"High School Musical 3" set to keep franchise hot
By Gina Keating
LOS ANGELES (Reuters) - Walt Disney Co's hotly anticipated "High School Musical 3: Senior Year" arrives in movie theaters around the world next week, with bumper advance ticket sales and plans to keep the $1 billion-plus franchise hot with a fourth film.
Disney is planning a sumptuous roll-out starting on October 22 for the family-friendly movie -- the first to hit the big screen -- after its two made-for-TV forerunners debuted to much less fanfare on the Disney Channel.
"This movie, we are certain, will be very, very successful," said Mark Zoradi, president of Walt Disney Motion Pictures Group.
It will debut in 3,800 U.S. and Canadian theaters, and double that number in the rest of the world, he said.
The film, starring teen-ager Vanessa Hudgens and her on- and off-screen sweetheart Zac Efron, had captured nearly two-thirds of advance movie sales in the United States by Thursday, outselling films that debut this weekend, U.S. online movie ticket sellers Fandango.com and MovieTickets.com said.

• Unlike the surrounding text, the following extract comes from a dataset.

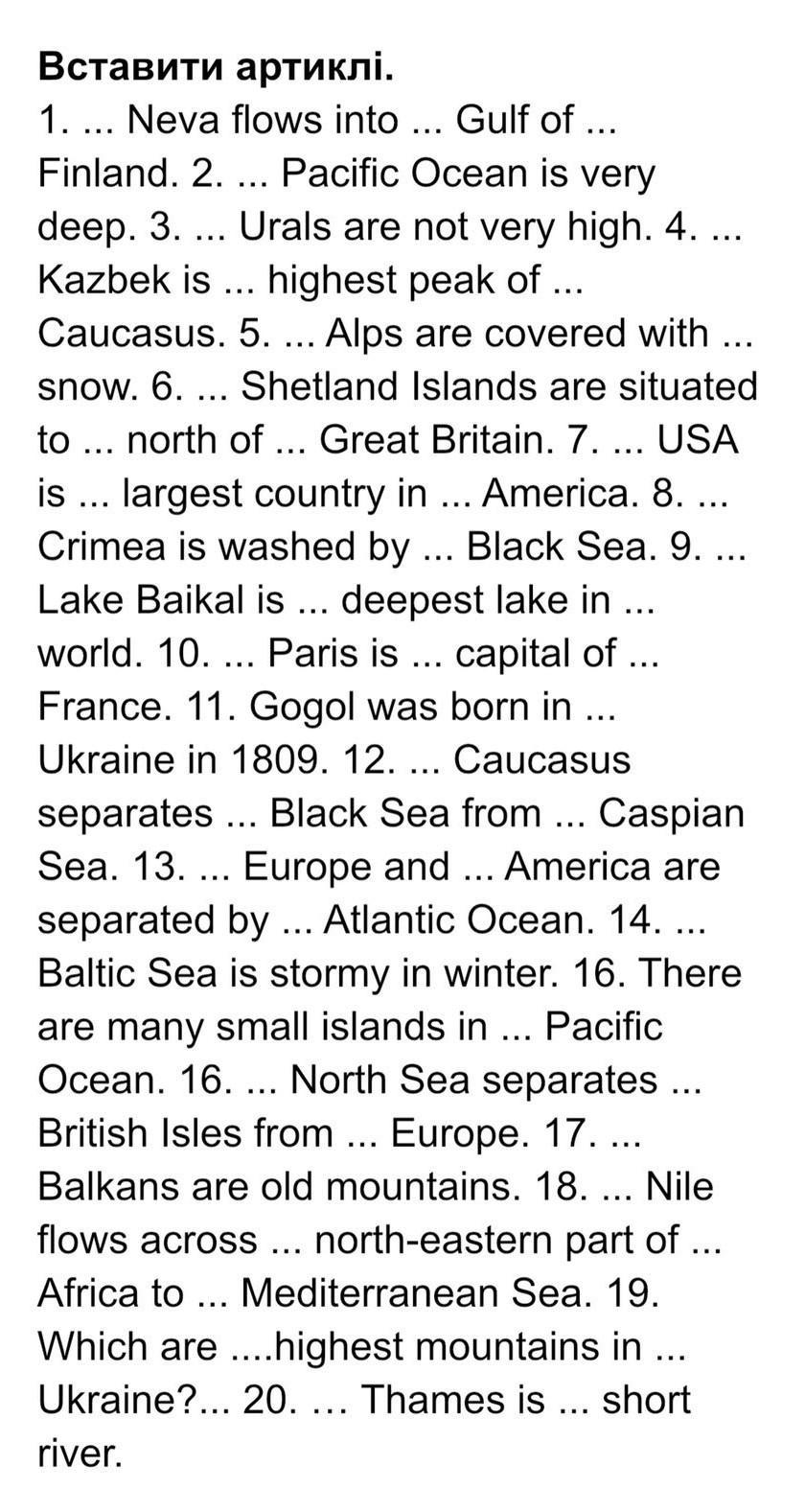 Вставити артиклі. 1. ... Neva flows into ... Gulf of ... Finland. 2. ... Pacific Ocean is very deep. 3. ... Urals are not very high. 4. ... Kazbek is... highest peak of ... Caucasus. 5. ... Alps are covered with ... snow. 6. ... Shetland Islands are situated to ... north of ... Great Britain. 7. ... USA is ... largest country in ... America. 8. ... Crimea is washed by ... Black Sea. 9. ... Lake Baikal is ... deepest lake in ... world. 10. ... Paris is ... capital of ... France. 11. Gogol was born in ... Ukraine in 1809. 12. ... Caucasus separates ... Black Sea from ... Caspian Sea. 13. ... Europe and ... America are separated by ... Atlantic Ocean. 14. ... Baltic Sea is stormy in winter. 16. There are many small islands in ... Pacific Ocean. 16. ... North Sea separates ... British Isles from ... Europe. 17. ... Balkans are old mountains. 18. ... Nile flows across ... north-eastern part of ... Africa to ... Mediterranean Sea. 19. Which are....highest mountains in ... Ukraine?... 20. ... Thames is ... short river.

"The tremendous success of the first two films is clearly driving sales for this third installment," said Ted Hong, Fandango's vice president of marketing.
Zoradi said Disney's marketing campaign goal was "to expand beyond the traditional Disney Channel audience ... to teen girls, younger boys and have it be an overall family viewing experience."
The original 2006 TV movie "High School Musical" drew 255 million viewers worldwide and had Disney scrambling to assemble a merchandising program and to put a sequel into production.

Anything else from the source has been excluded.